Few tasks are more difficult for a cornerback than preventing a touchdown pass to a tall, strong receiver in the red zone. Had the Seattle Seahawks had a more physically imposing receiving target in the Super Bowl, the call might have been a lob to the corner -- absent, of course, a handoff to Marshawn Lynch -- rather than a more dangerous slant. Here are five wide receivers in the 2015 NFL Draft who could pose a significant red-zone threat as rookies:
The biggest wide receiver in the draft (6-foot-5, 237 pounds) figures to be an immediate problem for opposing defenses in the red area. The former Missouri star might be a year removed from game action, but it won't take much to knock the rust off the instincts he showed as a sophomore in 2013. He put on an absolute red-zone clinic against Kentucky that year and has added about 15 pounds since then.
NFL fit:Kansas City Chiefs. The club's biggest 2014 receiving threat, Dwayne Bowe, has been released, and adding Jason Avant (6-0, 210) wasn't exactly a red-zone coup. Kansas City needs a receiver enough to spend a first-round pick on one, and Green-Beckham could be an ideal fit at No. 18.
The most highly-regarded wide receiver listed here, White is without peer when it comes to instinctiveness needed to track the ball in the air.

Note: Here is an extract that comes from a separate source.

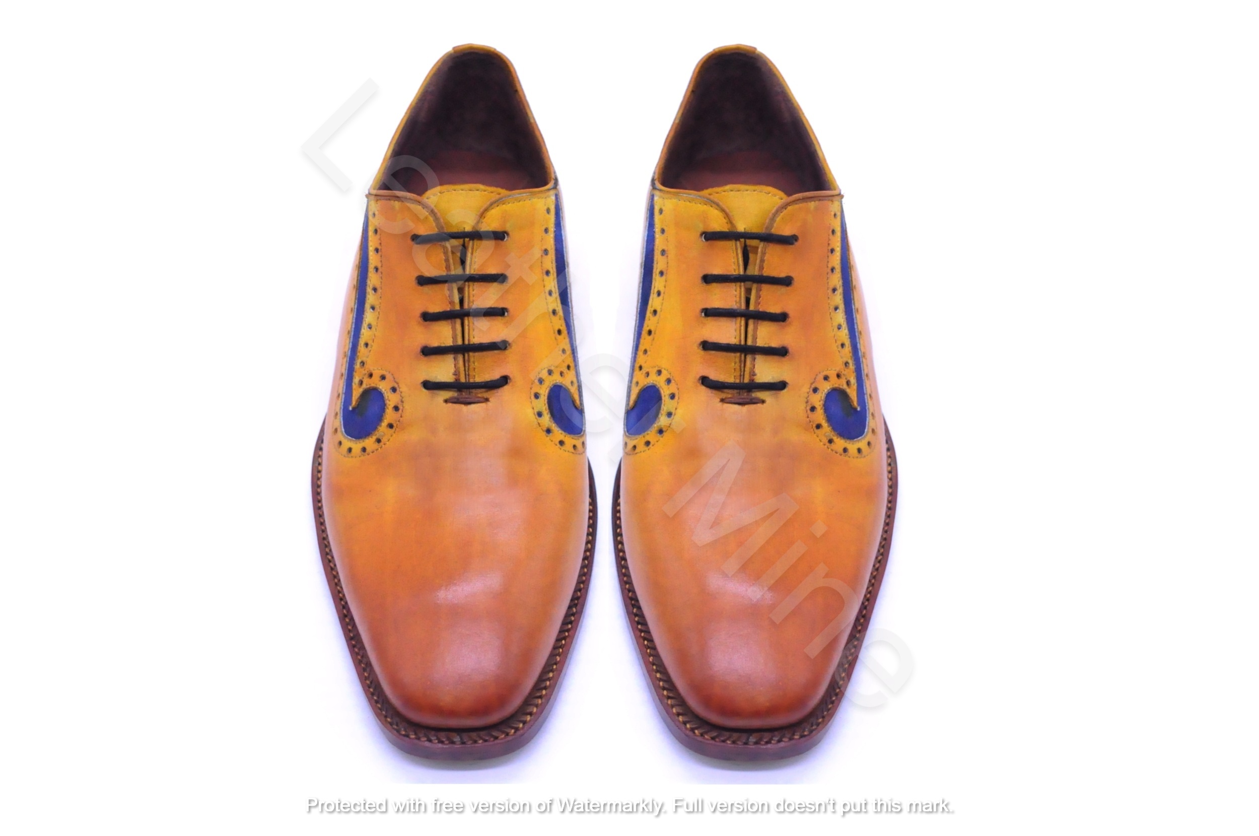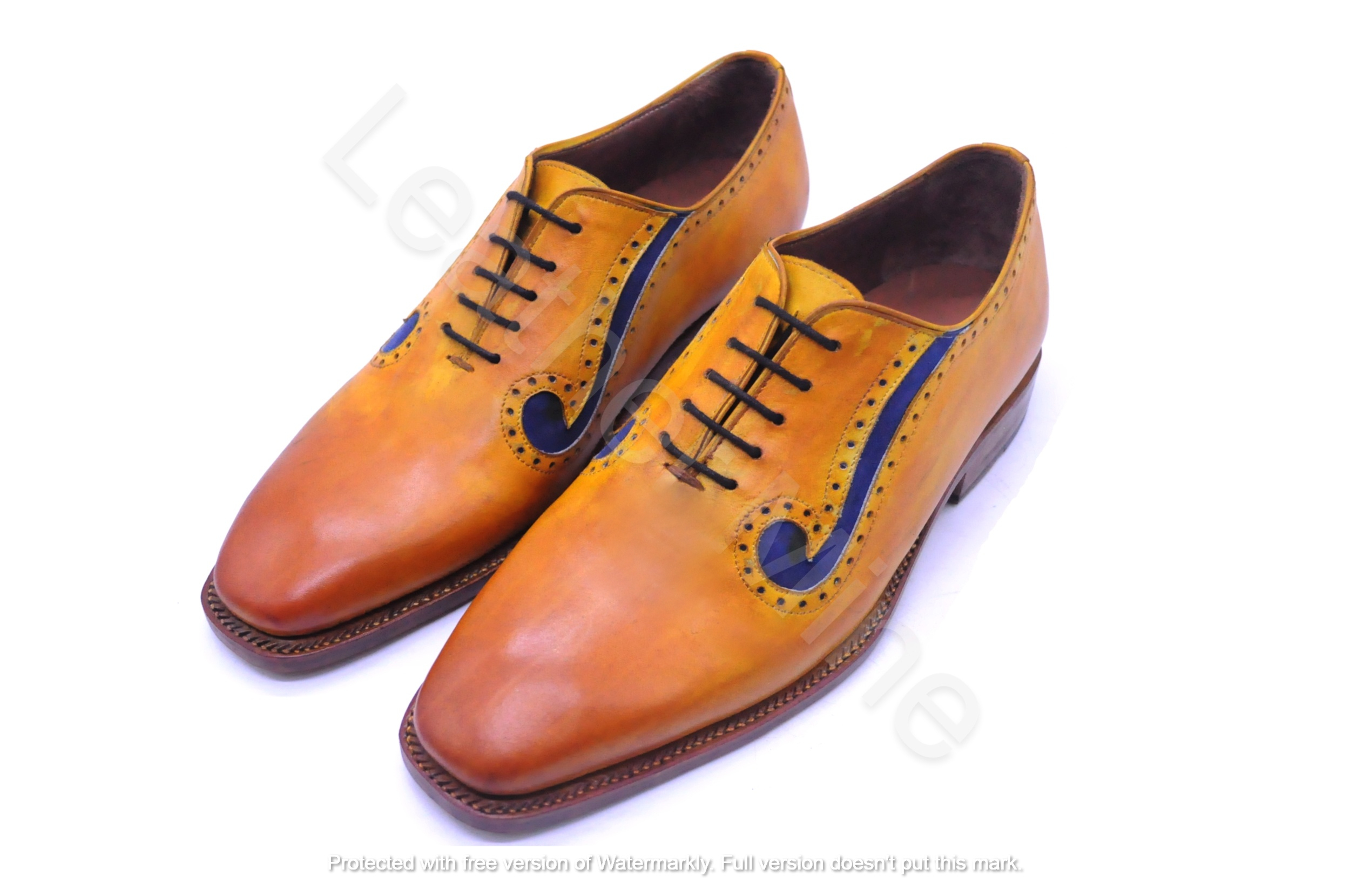 Men's Handmade Tan Patina Leather Oxfords Custom Shoes For Men

West Virginia quarterback Clint Trickett had the confidence in White to "throw it up" and let the 6-3, 215-pounder come down with the ball against single coverage. NFL Media analyst Bucky Brooks has noted White's red zone skills as well, identifying the Oakland Raiders, Minnesota Vikings, Cleveland Browns, Houston Texans and Kansas City Chiefs as ideal fits for White. A trade-up could be required for several of those teams to have a chance at him, however.

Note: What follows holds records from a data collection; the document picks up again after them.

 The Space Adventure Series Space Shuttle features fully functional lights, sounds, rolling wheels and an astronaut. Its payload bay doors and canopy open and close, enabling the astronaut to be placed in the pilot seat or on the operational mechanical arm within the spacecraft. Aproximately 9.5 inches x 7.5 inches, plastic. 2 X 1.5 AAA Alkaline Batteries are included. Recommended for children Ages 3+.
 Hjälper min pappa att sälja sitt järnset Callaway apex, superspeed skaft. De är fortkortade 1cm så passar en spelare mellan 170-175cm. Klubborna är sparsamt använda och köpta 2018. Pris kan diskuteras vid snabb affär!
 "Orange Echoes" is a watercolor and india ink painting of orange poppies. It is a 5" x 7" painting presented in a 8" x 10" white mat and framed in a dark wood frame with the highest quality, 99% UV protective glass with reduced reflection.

NFL fit:Oakland Raiders. If Oakland's biggest receiver, Brice Butler (6-3, 210) was the team's answer for a red-zone threat, we would know it by now. White would give Derek Carr a great option in the red zone and the Raiders probably have the pick to make it happen at No. 4 overall.
A couple excerpts from Strong's NFL.com scouting report tell the tale here: "Former high school basketball player who knows how to keep defenders on his hip ... Good strength in hands and makes contested catches ... Decent leaper who will climb the ladder for a catch or sink and secure low throw." The Arizona State star knows how to adjust to the ball in the air, too.
NFL fit:Cleveland Browns. Less than a year ago, Cleveland was identified as having the shortest wide receiving corps in the NFL. The roster isn't quite the same today, but with Josh Gordon's status more tenuous than ever, Strong could be a nice fit for the Browns at No. 19 overall.
Who better than a converted tight end to understand the importance of playing physical football closer to the goal line? At 6-5 and 230 pounds, and with leaping skills like these, the former Michigan star is bound to be a matchup problem. The question scouts have on Funchess is whether he has the speed and quickness to get open on a long field. But on a short field, guys Funchess' size don't need much separation to be a threat.
NFL fit:Houston Texans. Andre Johnson is out, leaving the Texans with a relatively small receiving corps. With a little luck, he could slip to Houston in the second round.
The Central Arkansas sleeper didn't run the fastest of 40-yard dashes at the NFL Scouting Combine (4.58), but in the red zone, speed isn't what scores. He has the size (6-4, 214) and length to pull in contested passes, as he showed on these touchdowns at the 3:00 and 3:52 marks. The NFL team lacking a tall, rangy target that can't afford to draft one early could do well to pick Lewis later in the draft.
NFL fit:New York Giants. The G-men can stretch the field vertically with Odell Beckham Jr. just fine, and a healthy return for Victor Cruz would enhance the downfield threat even more. But Lewis could be a very nice complement to OBJ's speed and explosiveness as a bigger option when the field begins to shrink.